宋孝宗乾道六年(1170)八月初一、初二两日,陆游在溯江西上、赶赴夔州通判任的途中,分别经过小孤山与大孤山,并以日记形式写下《过小孤山大孤山》。这篇游记并非一般的山水描摹,而是一次循着江流,对两座江中孤峰的精密“寻踪”。它如一幅徐徐展开的画卷,又似一部节奏分明的纪录片,带我们亲历了那次由远及近、由表及里的江上勘察。

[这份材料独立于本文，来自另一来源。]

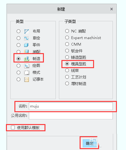 4、在“新建”对话框总的类型选中“制造”,在子类型选中”模具型腔“,在名称文本框中输入文件名,取消使用默认模板复选框中的“√”,然后单击对话框中的“确定”按钮。

寻踪之旅的起点,并非小孤山,而是烽火矶。舟行江中,远望此山不过“突兀而已”,然而一旦泊舟细察,奇景便扑面而来:“嵌岩窦穴,怪奇万状,色泽莹润”,更有孤石“杰然特起”,如宝石屏风。这番由粗略到精细的观察,为后文鉴赏双峰奠定了基调,也暗合了杜甫“幸有舟楫迟,得尽所历妙”的诗意。这不仅是写景,更是一种方法论:真正的美,需要驻足与凝视。
正式的主角小孤山,则在期待中登场。陆游首先将其置于坐标中:“过澎浪矶、小孤山,二山东西相望”。接着,他运用了精妙的对比与递进笔法。他将小孤山与金山、焦山等天下名山对比,断言“峭拔秀丽皆不可与小孤比”。然后,视线由数十里外拉近:“碧峰巉然孤起,上干云霄”,这是远观的孤绝气势;“愈近愈秀,冬夏晴雨,姿态万变”,这是近赏的无穷韵味。最终,他给出结论:“信造化之尤物也”。这番“寻踪”,从地理定位到美学比较,再到多维度品评,层层深入,确立了小孤山在作者心中不可撼动的地位。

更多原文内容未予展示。